A. Probably my easiest question to answer; pizza. I try and eat as healthy as I can, and actually switched my diet about 9 months ago to Pesco/vegetarian, but the one thing I can never give up is Chicago's pizza, which is still amazing with veggies on it.
Q. What is your fitness background and have you had any physical challenges or injuries along the way?
When I was younger shortly after high school I was overweight and not very active. Most male members of my family were also overweight or died very young of cardiac related issues so I just accepted this as my fate. Then one day I "woke up" and decided that maybe I could be different and do things that I never thought possible. So I changed my diet, began to exercise and run, and lost weight. After a while, I decided to sign up for a few races and even a triathlon to stay motivated. I was hooked from the first one. This year I will compete in my 5th straight Chicago Triathlon and my 3rd Fox Valley Marathon. Last year I was blessed enough to be able to complete the Lake Placid Ironman after 2 years of training, a goal I once thought unobtainable. Unfortunately I have not been able to do these races without my share of injuries. I have suffered the usual strains and sprains, from hamstrings, to quadriceps, to ankles, and have been able to heal and continue through each. Last year while training for the Ironman, I suffered a back injury in early March. An MRI revealed a very small bulged disc in the Lumbar spine, with a larger issue as well. The doctor informed me that I was born with Spinal Stenosis, a narrow spinal canal, which was causing the bulge to feel worse in me than most.
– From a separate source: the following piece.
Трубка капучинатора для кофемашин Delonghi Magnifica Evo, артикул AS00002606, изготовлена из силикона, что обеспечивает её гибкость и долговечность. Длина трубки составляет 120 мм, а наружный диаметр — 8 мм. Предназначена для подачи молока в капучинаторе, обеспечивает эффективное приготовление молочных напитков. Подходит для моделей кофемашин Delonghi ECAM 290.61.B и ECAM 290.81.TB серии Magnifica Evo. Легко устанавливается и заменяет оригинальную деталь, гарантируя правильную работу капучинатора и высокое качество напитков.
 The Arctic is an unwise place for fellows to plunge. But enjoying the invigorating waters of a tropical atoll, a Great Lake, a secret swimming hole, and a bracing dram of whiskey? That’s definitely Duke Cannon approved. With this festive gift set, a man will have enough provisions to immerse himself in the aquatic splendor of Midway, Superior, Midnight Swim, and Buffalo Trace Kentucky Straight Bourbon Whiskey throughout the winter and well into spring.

I was fortunate enough that the injury was small, and that I could continue training toward my goal. After the Ironman, I guess my body had enough and needed a few months of therapy, injections, and just plain rest; yuck! Today I feel better than I have in years and think about the times I wasn't able to run which keeps a smile on my face and keeps me motivated for the last few miles of the long run. The doctors have told me that if I can stay lean and strong then I shouldn't have many restrictions and can continue living an active life, which is awesome.
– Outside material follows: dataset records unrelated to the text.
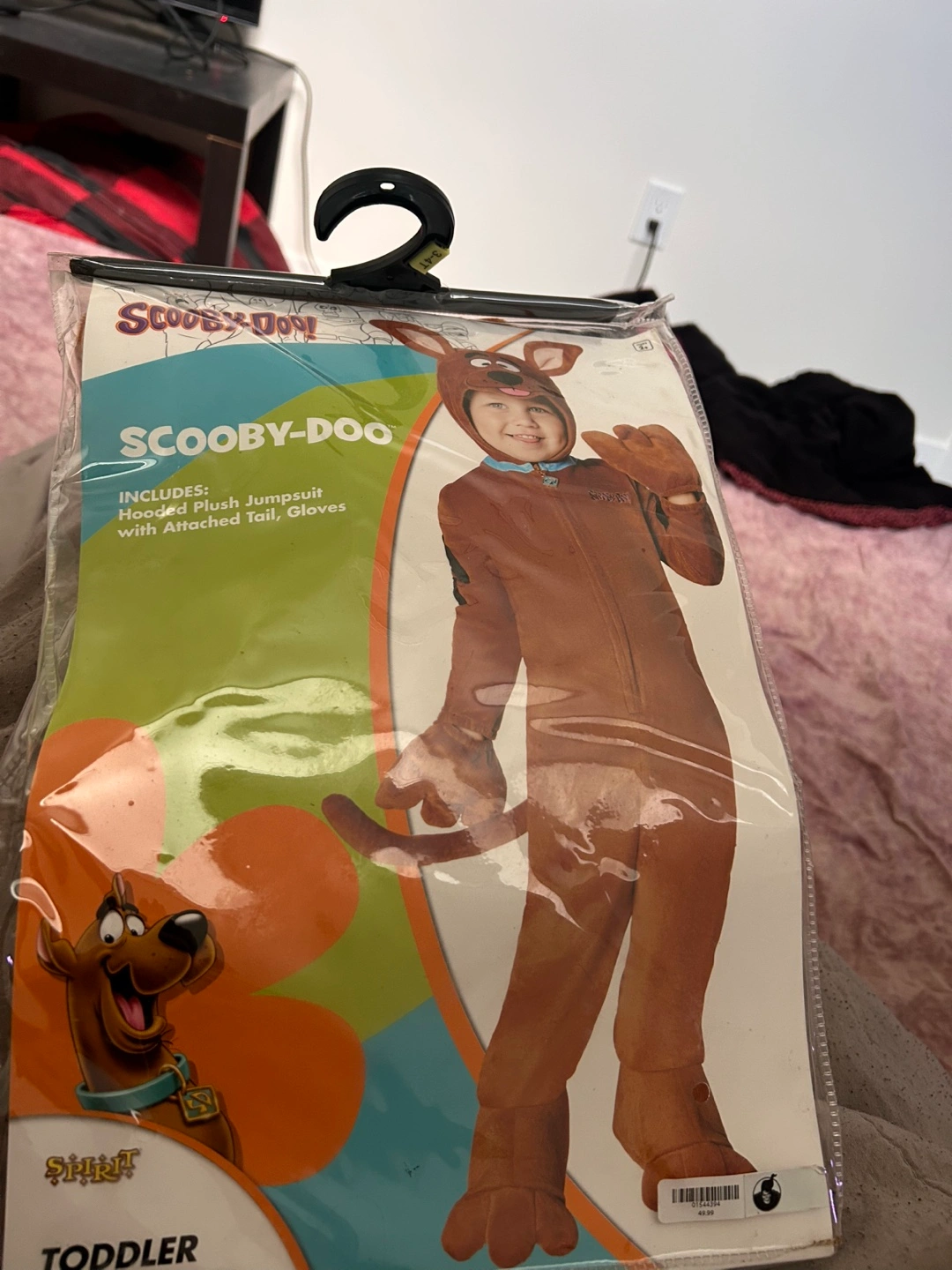 Selling a brand new, in-package Scooby-Doo toddler costume! It includes a hooded plush jumpsuit with an attached tail and gloves. Perfect for dress-up or Halloween! Size 3-4 T
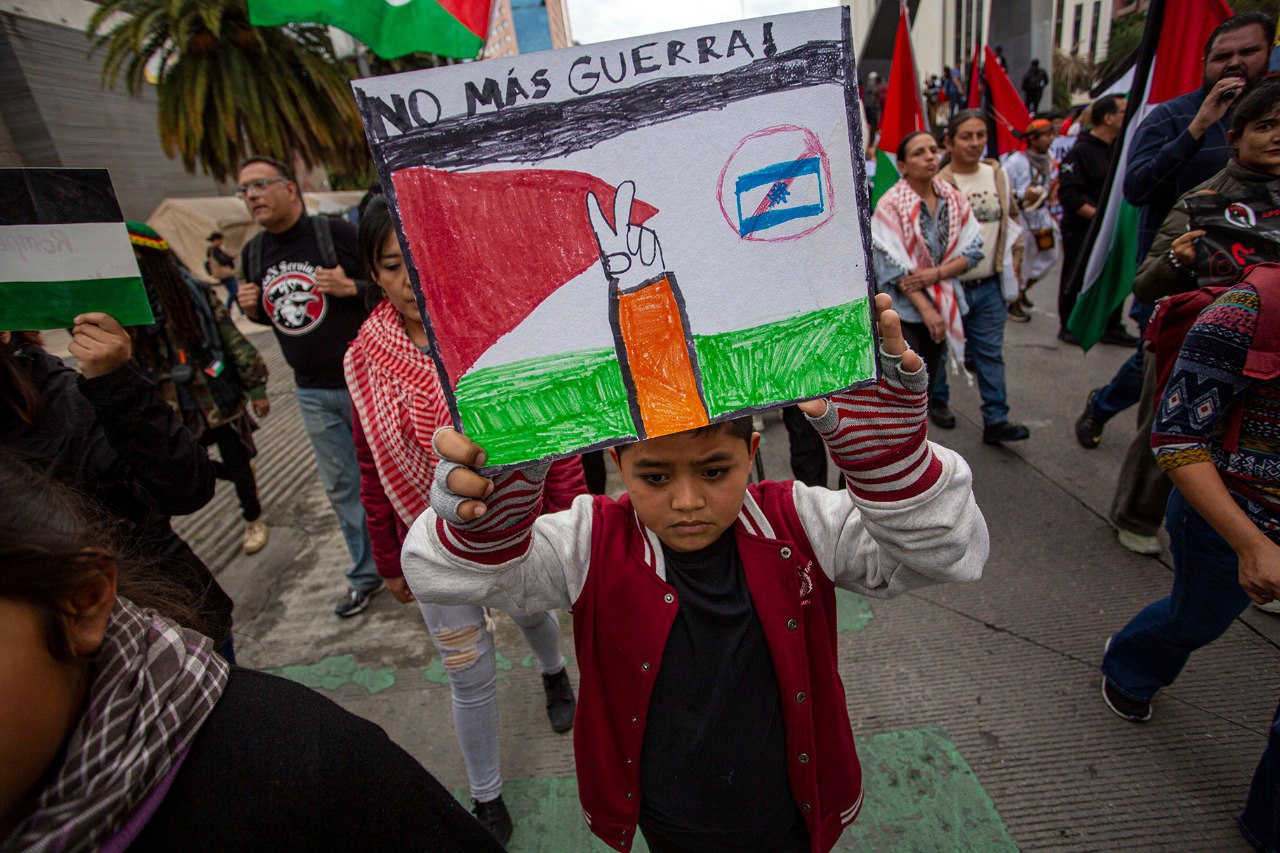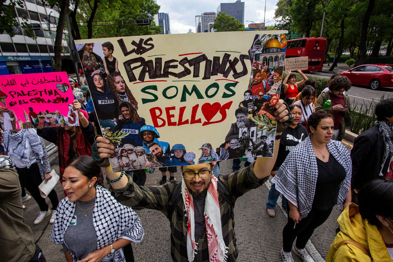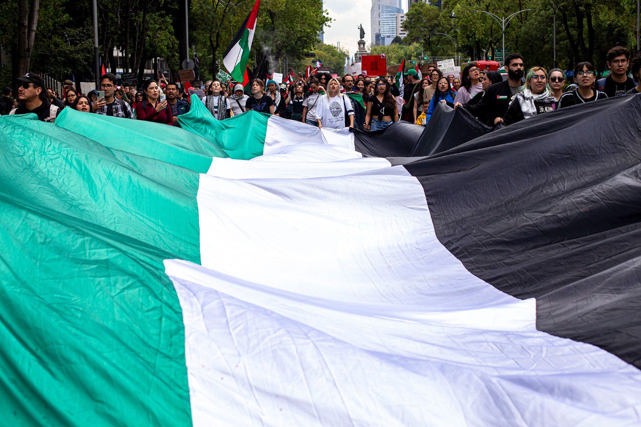 En el marco de una jornada global por Palestina, colectivos y organizaciones sociales marcharon del Ángel de la Independencia al Zócalo capitalino para exigir al gobierno de México romper relaciones diplomáticas con Israel y denunciar el genocidio en Gaza.
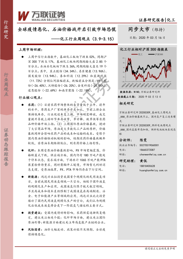 本报告分析了化工行业上周的市场表现,指出全球疫情恶化和石油价格战对市场造成冲击。报告重点关注了原油、化纤、农药、化肥等细分领域的价格走势和行业动态,并对未来投资提出建议,建议关注农药、化纤和氢能产业链相关企业,同时提示风险因素。
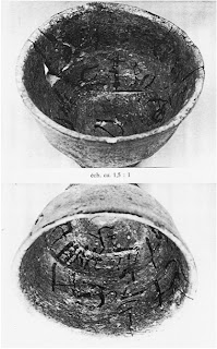 Надпись на посуде, найденной в Кноссе, читается справа налево снизу вверх от края к середине (смотрите прорисовку на рис. 5 – 7.): «Яшьте не кашу у кане, а мясо у каше да будет. Лей».

Q. How do you stay in shape during Chicago winters?!
A. Treadmills and bike trainers during the worst months, unfortunately. But if there isn't ice on the ground, then running outside after bundling up is much better than running in place.
Q. How would you sum up your philosophy of life in one sentence?
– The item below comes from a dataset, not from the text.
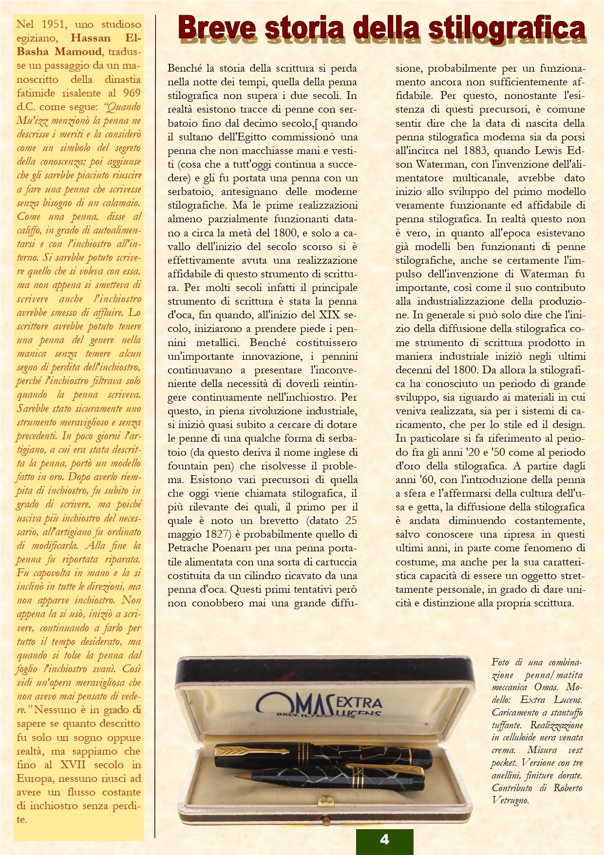 Lo stiamo assemblando, piano piano, insieme a Tribbo, dopo aver completato quello sulle Montblanc. Mi piacerebbe, pubblicare qui, in questo post, qualche pagina, settimana dopo settiman, pagina dopo pagina, fino al suo completamento graduale... In maniera da dare a tutti noi, la possibilità di correggere eventuali refusi, errori e quant'altro, sfruttando al massimo (e in questo ho esperienza) il piccolo tesoro di conoscenze che in questo forum (anno dopo anno, grazie al lavoro silenzioso di amministratori e partecipanti) si è andato a completare... Ma non ci sarà una volontà di pubblicazione, semmai una distribuzione gratuita ad amici e conoscenti di stilografica...
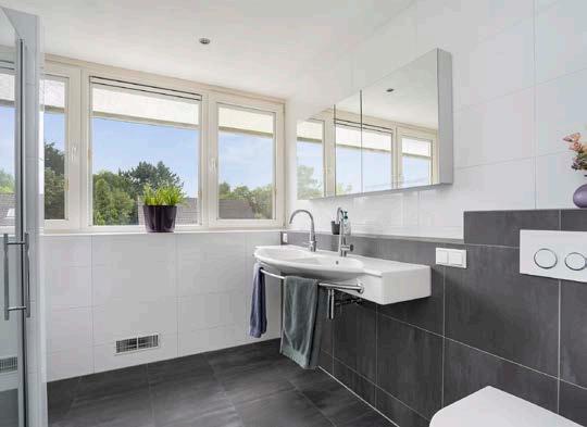 De badkamer, gerenoveerd in 2011, is een luxe toevoeging aan het huis. Dankzij de dakkapel heb je hier voldoende ruimte en fijne lichtinval. De badkamer is uitgerust met een moderne douchecabine, een dubbele wastafel, een toilet en elektrische vloerverwarming. De woning wordt verwarmd middels een luchtverwarmingssysteem, aangesloten op een hybride warmtepomp en CV-ketel.

A. We are all capable of doing something to help make this world a better place, whether it be a large impact or a small one, we each can play our part.
Q. How does being a Race Guards member tie into your philosophy of life?
A. I think when you find something you can do to help make the world better, and it's also something you love to do, then it just comes naturally.
Thank you Matt for an inspiring and interesting interview!